I think many people agree.

Whether or not the word CUNT should apply to this half human... well.... We all have our opinions, and our as#@&%es.

Chew on it
Captain...or Skully

climber
leading the away team, but not in a red shirt!
Jan 2, 2011 - 02:20pm PT
LEB drugs children. For SHAME!!!

Evil, too, is subject to perspective. Evil LEB.
Bob D'A

Trad climber
Taos, NM
Jan 2, 2011 - 02:23pm PT
Jingy wrote: Rox - this is no debate.. LEY is "A CONSERVATIVE NON CLIMBER EDITED: "TROLL" on a "Climbers" Forum..."


Don't try to educated the fool...his cup "runneth over".
shut up and pull

climber
Jan 2, 2011 - 02:25pm PT
REAL CHANGE: House Will Take Up Repeal Of ObamaCare Before State Of The Union.

HighDesertDJ

Trad climber
Swimming in LEB tears.
Jan 2, 2011 - 02:26pm PT



LEB said
But they hate her, Warbler, and they don't hate women in the general sense. In spite of her good looks, they hate her, anyway.

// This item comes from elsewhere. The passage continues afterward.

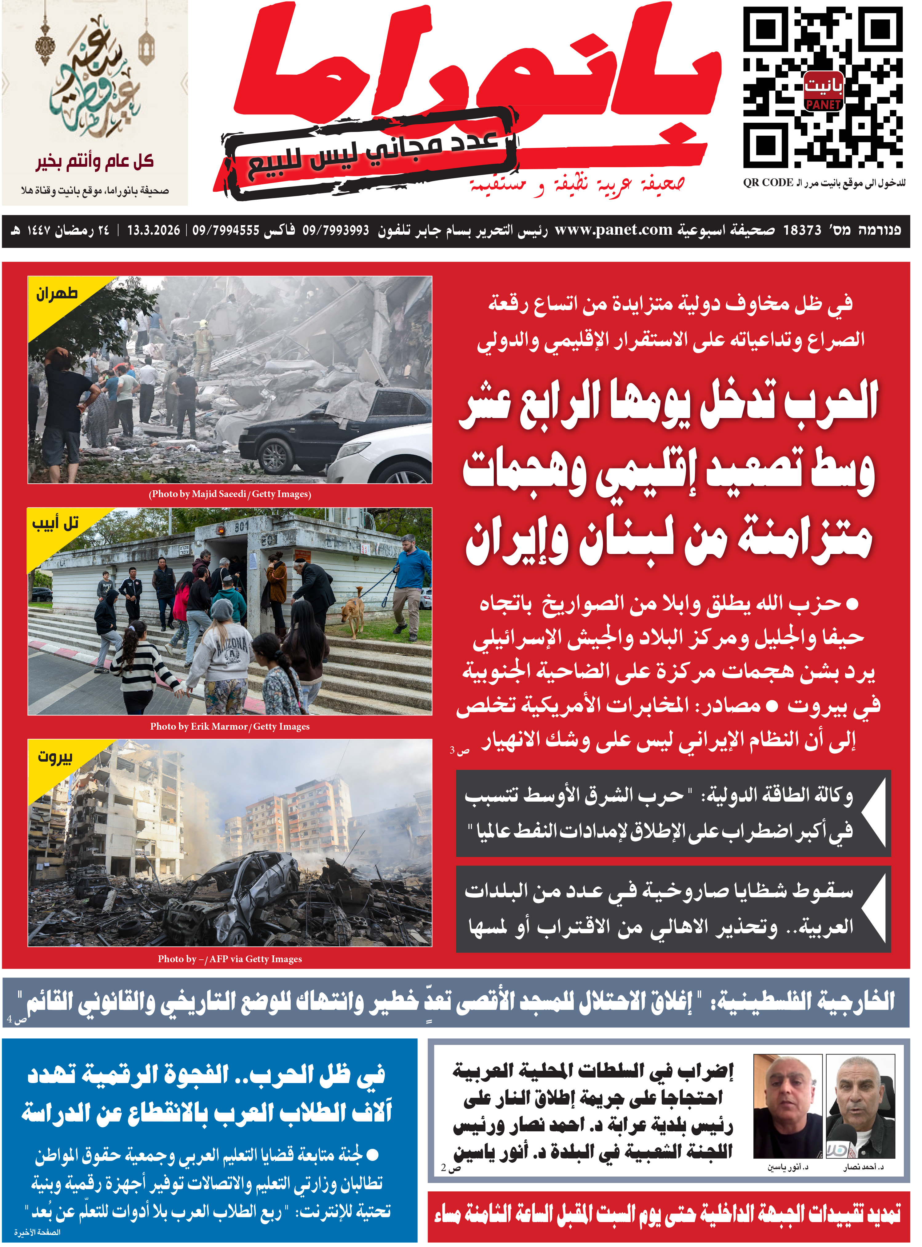 ننشر لزوار موقع بانيت الكرام العدد الجديد من صحيفة بانوراما، اقوى الصحف العربية في البلاد والاكثر شعبية على الاطلاق ، والذي صدر صباح اليوم الجمعة، الموافق 13.3.2026.

so you're upset because, in spite of a woman being physically attractive, they find her lack of morality, incessant lying and perpetual substanceless to be repugnant? Your indictment is that they are judging her as a person instead of a pair of tits with legs attached? Lordy be!
shut up and pull

climber
Jan 2, 2011 - 02:26pm PT
REAL CHANGE:

NO MORE BAILOUTS: The Hill: California Republican touts legislation banning public pension bailouts.

shut up and pull

climber
Jan 2, 2011 - 02:28pm PT
THE LEGACY OF THE PUBLIC EMPLOYEES' UNIONS AND THEIR DEM HANDMAIDENS:

HEH: NY Gov. David Paterson: Public Pension Funds Are About to Implode…And On That Note, I Am Outta Here! “Paterson bequeaths a state pension fund that is $71 billion underfunded to incoming Governor Andrew Cuomo. Nobody knows what ‘immediate action’ Cuomo has in mind to rescue New York’s pension system, but hopefully he’s got something up his sleeve besides the ‘ol tried and failed ‘rob Peter to pay Peter’ gimmick.”

Bob D'A

Trad climber
Taos, NM
Jan 2, 2011 - 02:29pm PT
LEB said
But they hate her, Warbler, and they don't hate women in the general sense. In spite of her good looks, they hate her, anyway.

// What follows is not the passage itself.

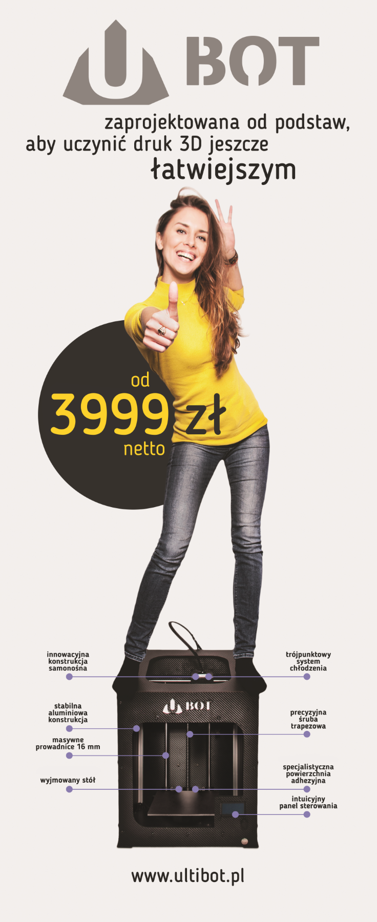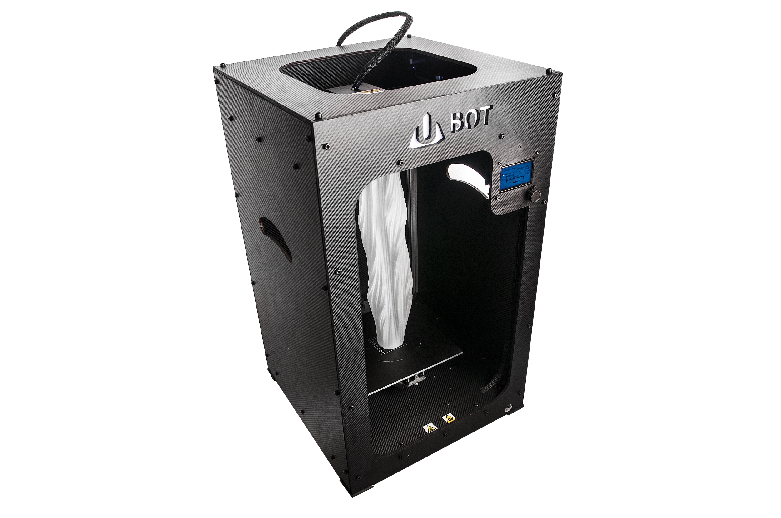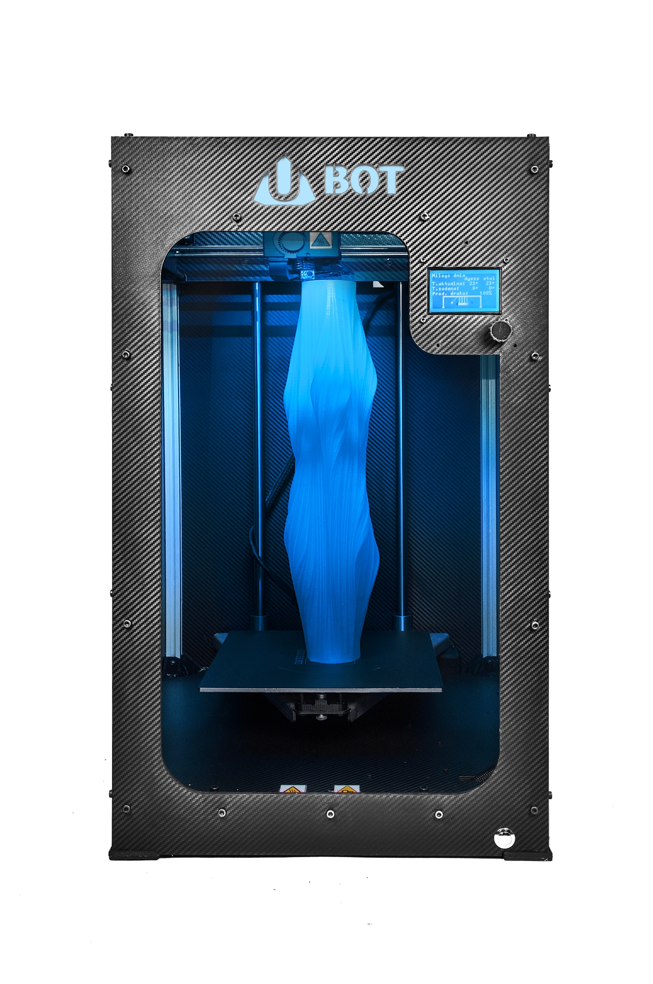 Model drukarki UBOT 3D, którego cena zaczyna się od 3999zł netto, cechują: wysoka jakość wydruku przy dużych prędkościach, zdejmowany stół, specjalistyczna powierzchnia adhezyjna, duże (250x250x250mm) podświetlane pole robocze, możliwość drukowania z każdego rodzaju termoplastów, które obecnie znajdują się na rynku (PLA, ABS, HIPS, PET, NYLON oraz wiele innych). Sztywna i stabilna konstrukcja, w miłej dla oka karbonowej obudowie, będzie elegancko wypełniać przestrzeń w każdym domu i biurze.

Wow...what a hypocrite...look at the amount of lies and misinformation you have posted about Obama.
Captain...or Skully

climber
leading the away team, but not in a red shirt!
Jan 2, 2011 - 02:30pm PT
Who hates who, anyway? Hate is a stupid, repugnant thing. A foolish thing, that No "ethical" being would take part in.
shut up and pull

climber
Jan 2, 2011 - 02:30pm PT
VOTE OF CONFIDENCE: As frustration grows, airports consider ditching TSA. “For airports, the change isn’t about money. At issue, airport managers and security experts say, is the unwieldy size and bureaucracy of the federal aviation security system.”

shut up and pull

climber
Jan 2, 2011 - 02:31pm PT
THOSE TEA PARTYING CANUCKS!

IF ONLY WE COULD BE AS PROGRESSIVE AS CANADA: Canada Drops Corporate Tax Rate to 16.5%, Less Than Half the U.S. Rate.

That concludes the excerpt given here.